Так раскрыв рот и вошёл в квартиру.

- …хорошо, Лера, я буду в твоих «Макаках», блин, нашла где проводить. Только после двадцати трёх, подходит? У меня спектакль сегодня… - Вика в ванне продолжала разговор по телефону, мерно журчала вода. – Ой… блин-н-н… Нее, я не тебе… Кому-кому, себе!.. ой блин-н-н… всё, отстань, не до тебя сейчас. Буду, говорю! Прочитаю! Выбери стих для меня сама. Всё, чмоки, обнимаю, на связи!

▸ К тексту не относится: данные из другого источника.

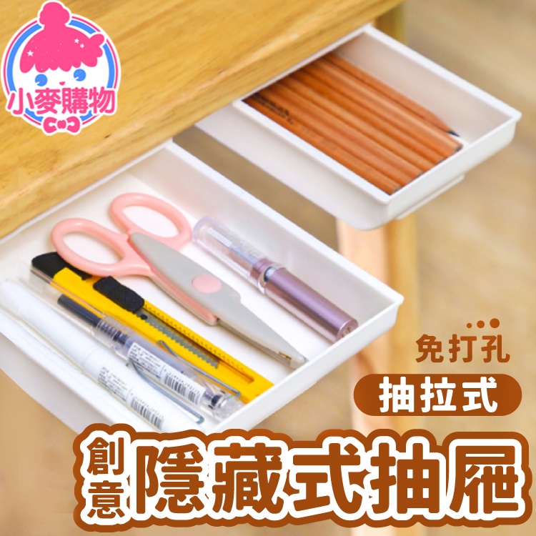 隱藏式抽屜 桌下抽屜 黏貼式小抽屜 抽屜 抽屜式收納盒 桌下收納 收納盒 置物盒 抽屜筆盒 筆盒【小麥購物】【G251】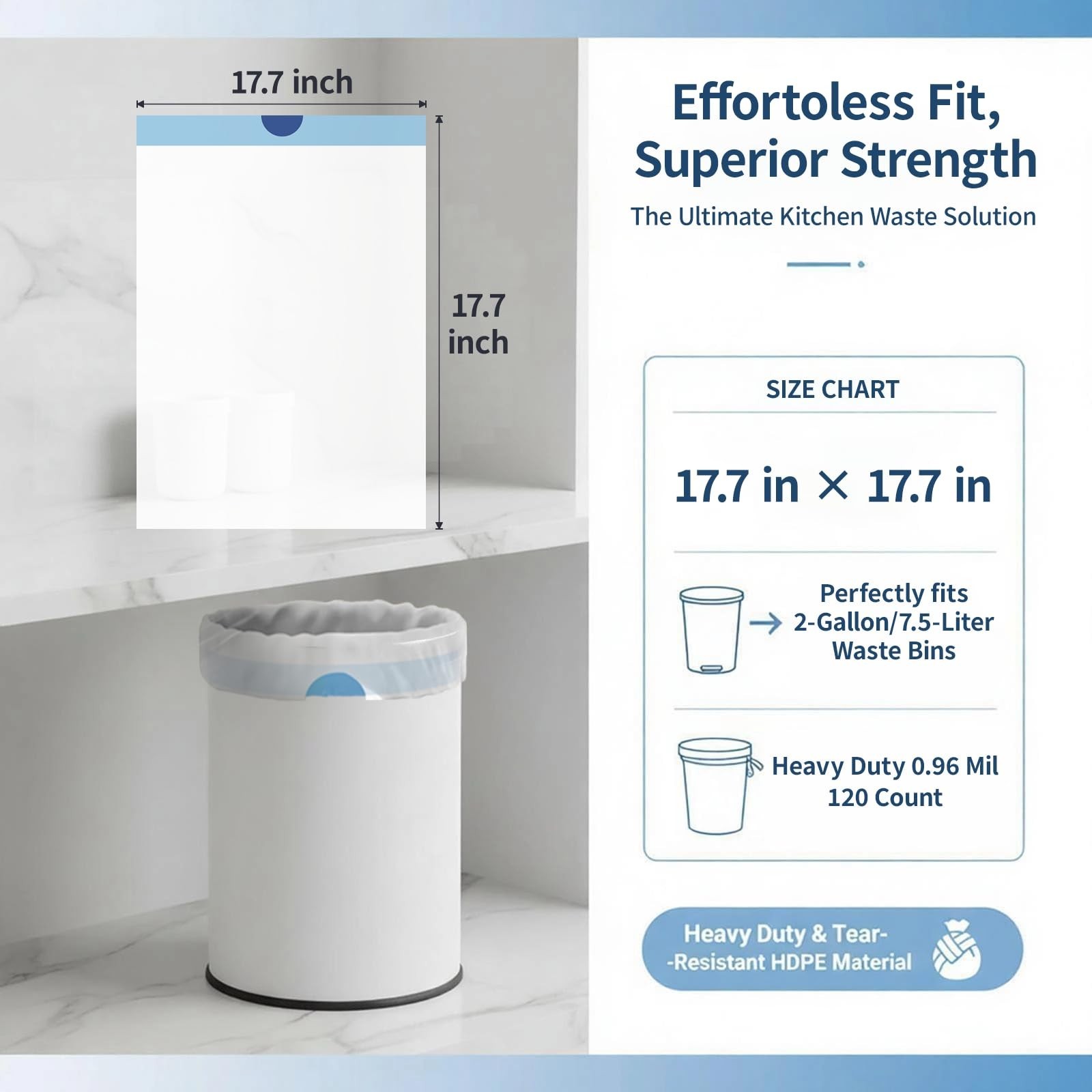 2 Gallon Trash Bags Drawstring 0.96 Mil - 120 Count Small Garbage Bags Unscen...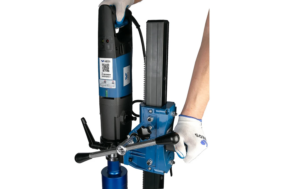 Комплект KEOS KS-180SET (мотор KS-180 + прямой штатив KS-250) используется для сухого сверления отверстий в бетоне, асфальте и кирпиче.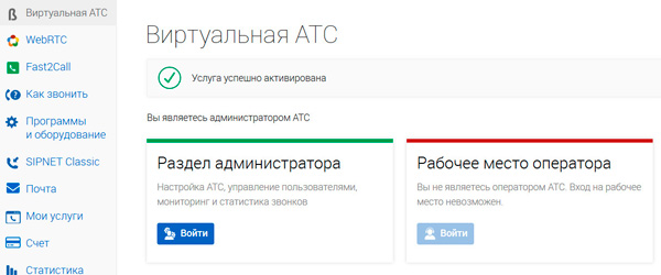 Главная страница виртуальной АТС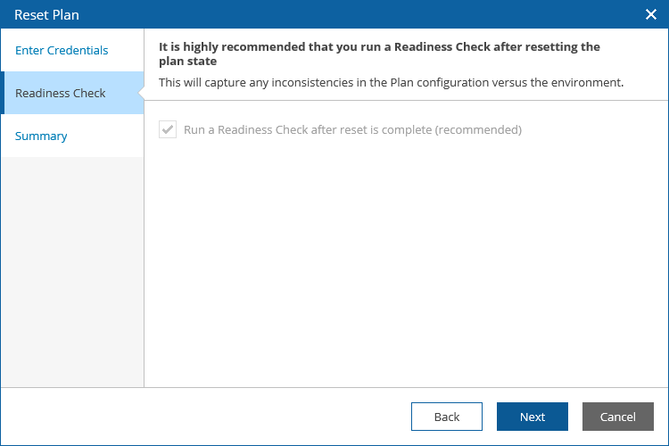After you run a storage plan and it acquires the FAILOVER state, you must reset the state of the plan if you are willing to run it again (for example, to perform failback). The Reset action returns the plan to the DISABLED state and updates the VAO database to reflect the changes made to the location of VMs included in the plan. The configuration of plan steps and their parameter settings in this case remain the same.
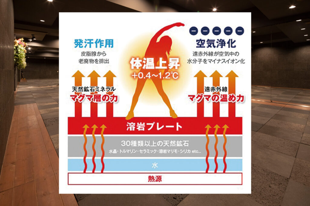 溶岩が持つ「熱反射効率」に着目し、オリジナルのMAGMA(天然溶岩)プレートを作りました。プレートを介して熱を伝えるため、「熱反射効率」と「育成光線効果」により心地よく体内深部温度を高めることが可能です。自然由来のエネルギーを効率よく人体に取り入れることに成功しました。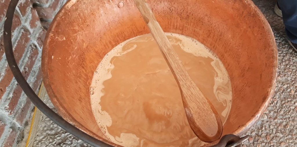 Carlos elaboró unos seis litros, que despertaron la curiosidad de todos los presentes. “El dulce casero es otra cosa”, comentó, mientras continuaba la tarea.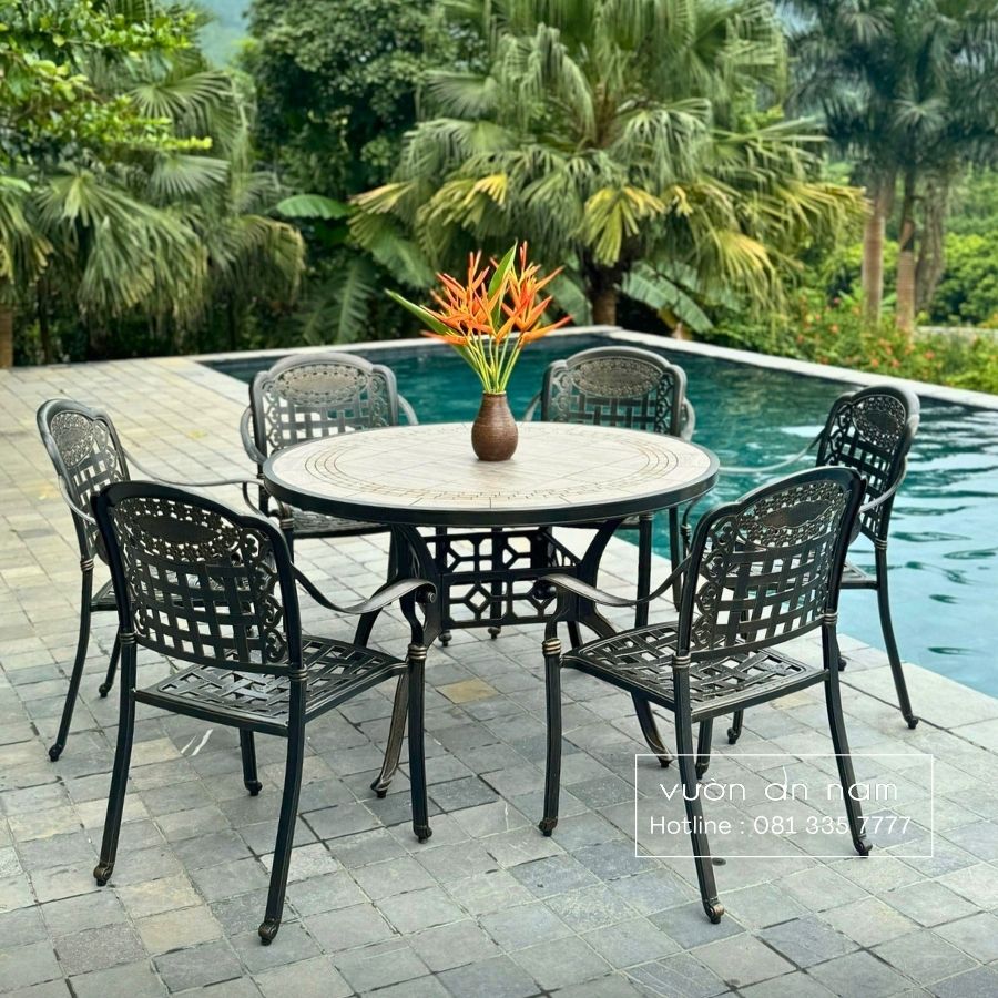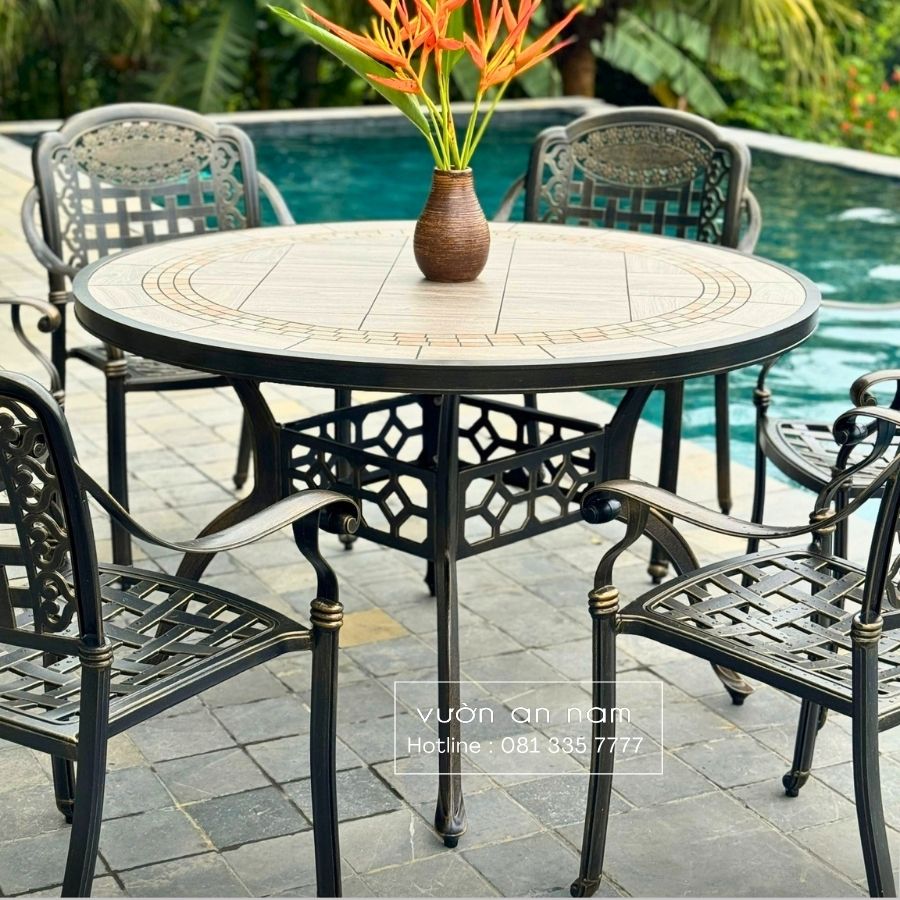 Bộ bàn ghế sân vườn cao cấp được hoàn thiện từ chất liệu nhôm đúc cao cấp dành cho không gian ngoài trời. Ngoài ra, nhôm đúc có đặc tính nổi bật là nhẹ mà bền, dễ dàng di chuyển ở mọi không gian.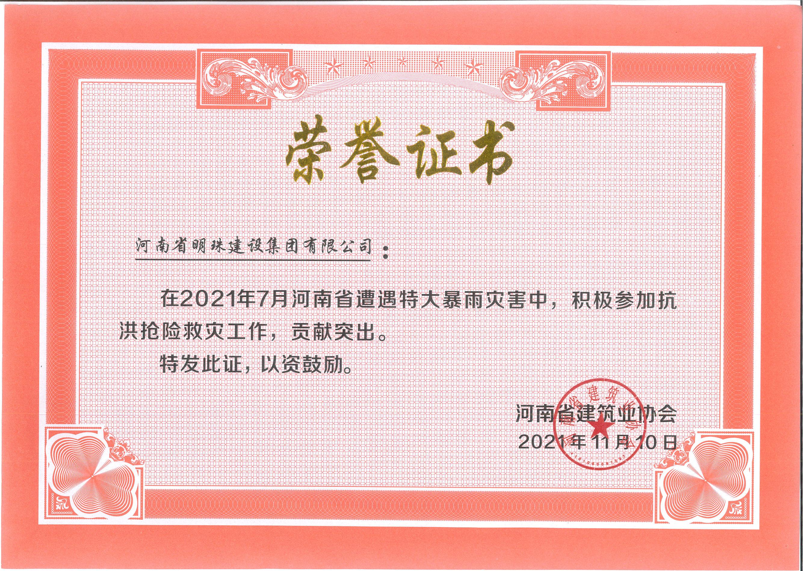 2021年河南省特大暴雨抗洪搶險(xiǎn)救災(zāi)榮譽(yù)證書(shū)
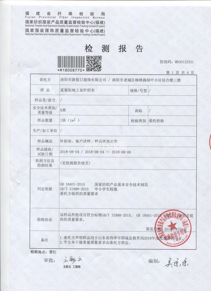 下一篇:夏季長褲\七分褲 檢驗合格報告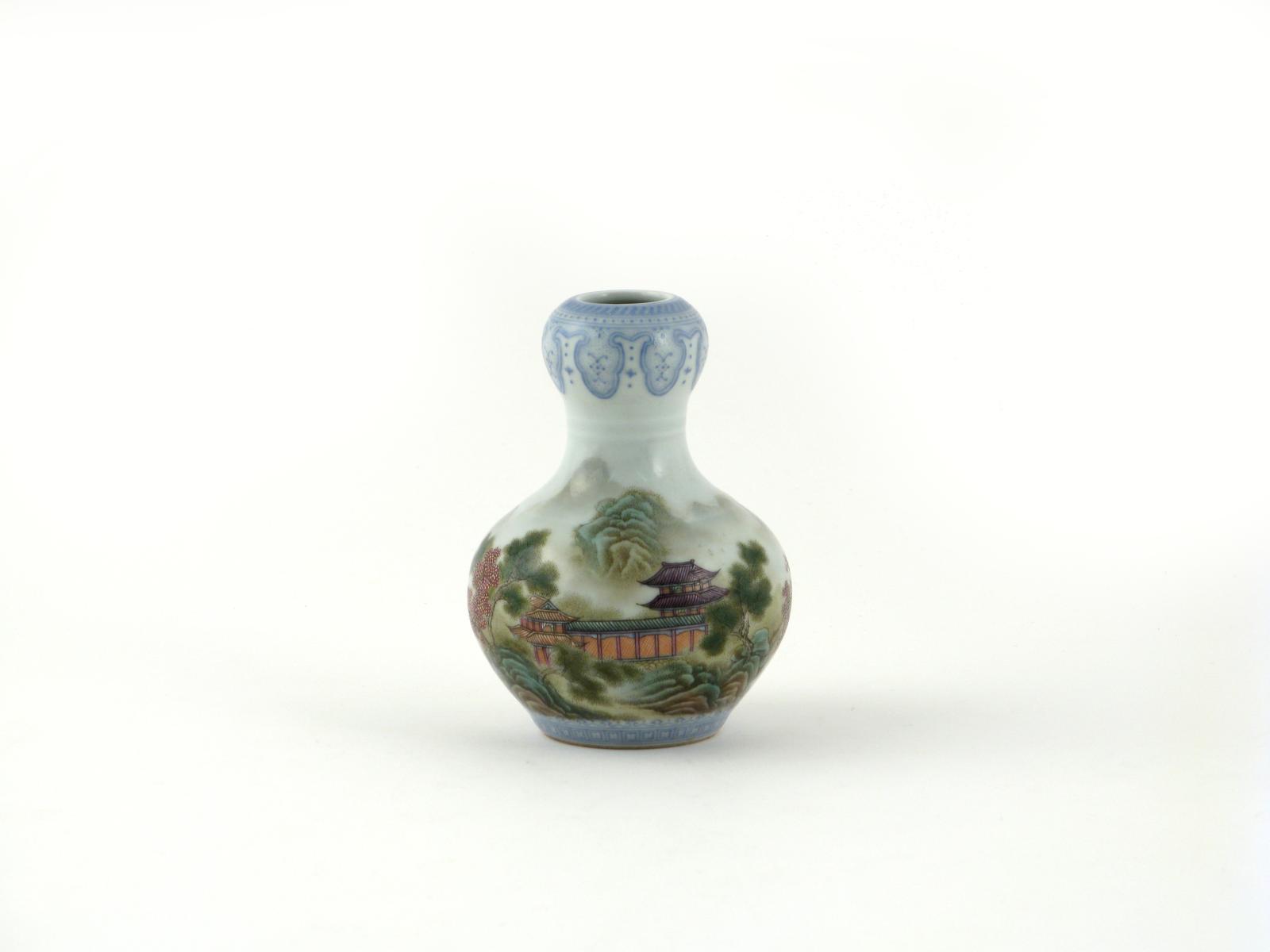 A small Chinese famille rose vase four character Qianlong mark but later, painted with a pagoda landscape and with figures in a small boat, the reverse with calligraphy, 11.7cm.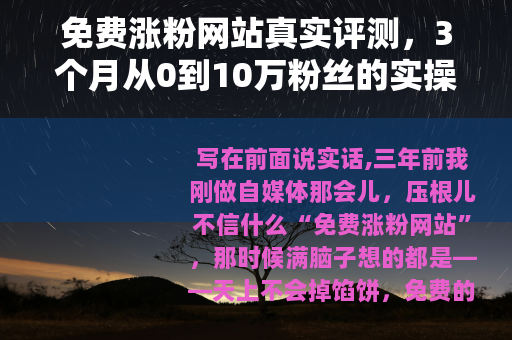 说实话,三年前我刚做自媒体那会儿,压根儿不信什么“免费涨粉网站”,那时候满脑子想的都是——天上不会掉馅饼,免费的肯定没好货,直到有一次在知乎上看到一个同行分享,说自己靠某免费工具一个月涨了2万粉,评论区吵翻了天,有人骂他是托,有人追着要链接,我抱着试试看的心态点进去,结果这一试,就是整整三个月。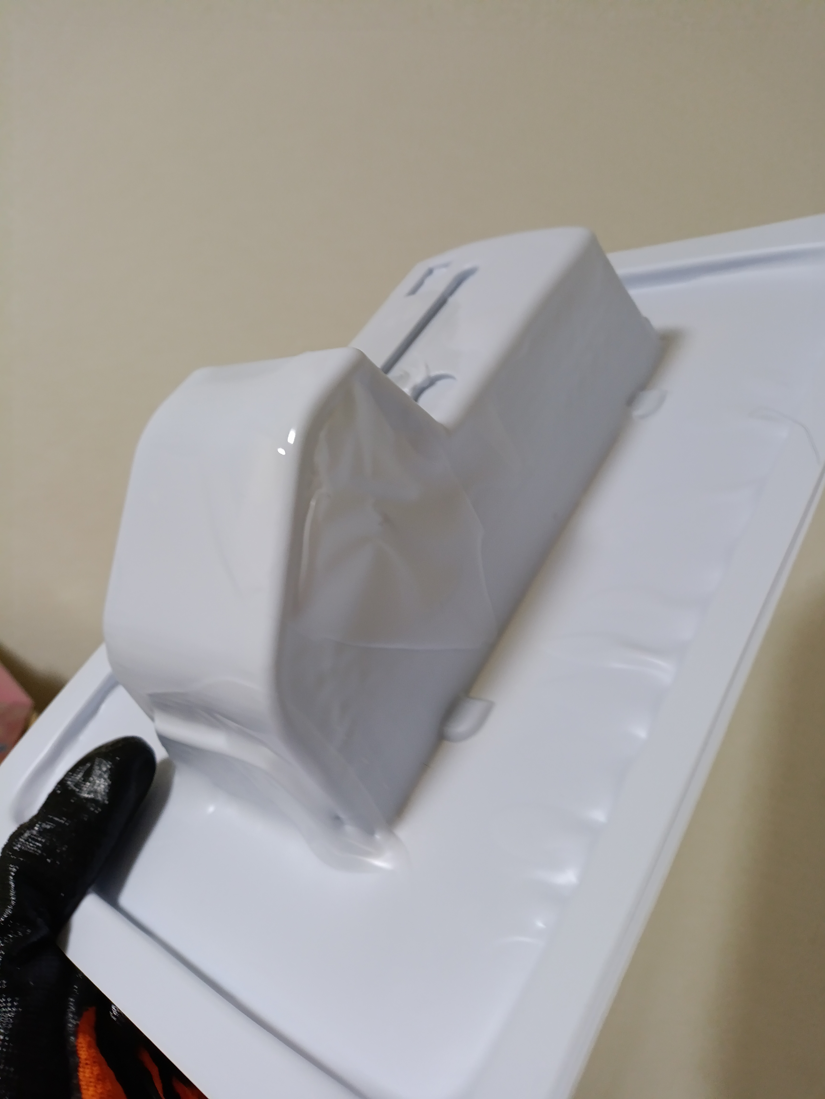 これが使えれば大幅コストカットになるので期待大・・・だったのですが大失敗。溶け方にムラがあるのかシートがうまく伸びず。型にかぶせた時点で破損。型は溶けなかったですが、そもそもかぶさっていないですからね。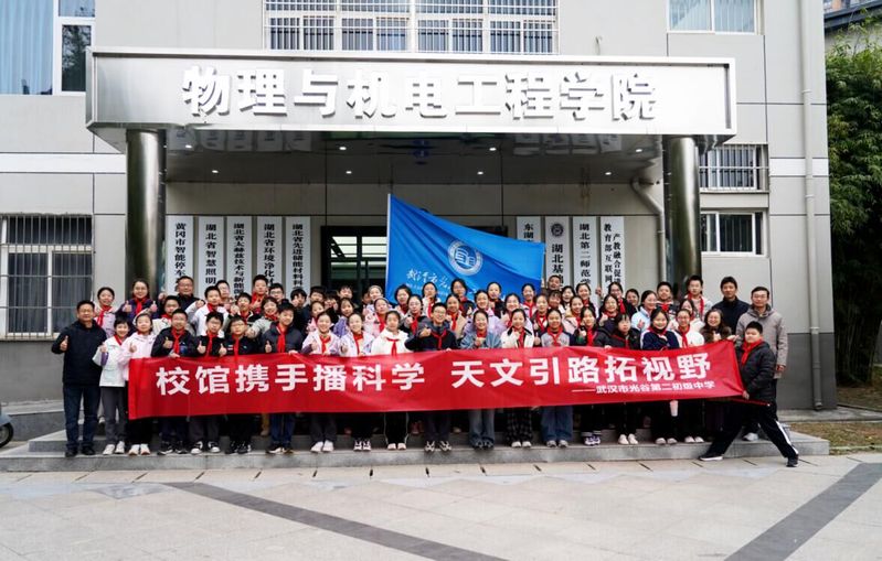 本网讯(通讯员 张祖满)为深入贯彻国家科学教育相关政策,深化馆校协同育人机制,充分发挥高校科研教育资源与中学基础教育实践优势,12月4日上午,WilliamHILL中国与武汉市光谷第二初级中学“馆校合作”签约暨湖北基础天文教育活动顺利举行。william威廉中文党委书记吴建兵、院长李莎、副院长张祖满、天文团队负责人谈伟伟,光谷第二初级中学党支部书记桂齐能、副校长汤金华、物理学科教研组长黄坤及物理教师代表,与光谷二初近50名7年级学生共同见证这一重要时刻。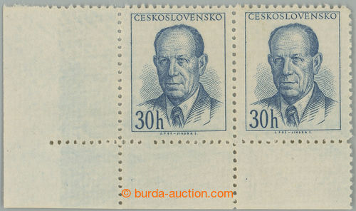 Philately. Pof.740B production flaw, Zapotocky 30h green-blue, L the bottom corner Pr with production flaw - omitted perforation hole in/at the bottom horiz. perf; mint never hinged (Image) (Image2)
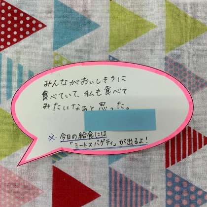 今日は「スパゲッティミートソース」にちなんで、「もりのスパゲッティやさん」を紹介しました。食を通して図書に親しむ機会になればと思います。

Из ванны она вышла через полчаса. Свежа, решительна, с широко открытыми глазами и шальным огнём в них, со стремительными жестами гибких рук. Увидела Кирилла всего в газетах, проглядела обложку с цветочной «Маздой», ухмыльнулась. Он вопросительно на неё смотрел, желая реакции.

- Есть анекдот. На театре юбилей, банкет. Все по пригласительным. Старым комику и трагику открытку не прислали. Они сидят в гримёрке. Трагик, надсадно плача: «Не позвали, забыли!» Комик издевательски хохоча: «Не позвали, по-о-омнят!»

Просмеялись друг у друга на плече. Затем Кирилл чуть отодвинул Вику, что бы заглянуть ей в глаза:

- А ты о чём?

- Я о гонораре, Киря! Миктюку придётся теперь сильно раскошелиться, что бы меня получить в его «Охоту». Видишь: ОБЛОЖКА! Олигарх! А ты сюда заглядывал? – и она полистала газету, отыскивая саму статью. – Разворот! А Миктюк, старый хохол, ныл мне, что меня де «подзабыли, теперь ты не в цене», ну, жмот, поглядим, поторгуемся!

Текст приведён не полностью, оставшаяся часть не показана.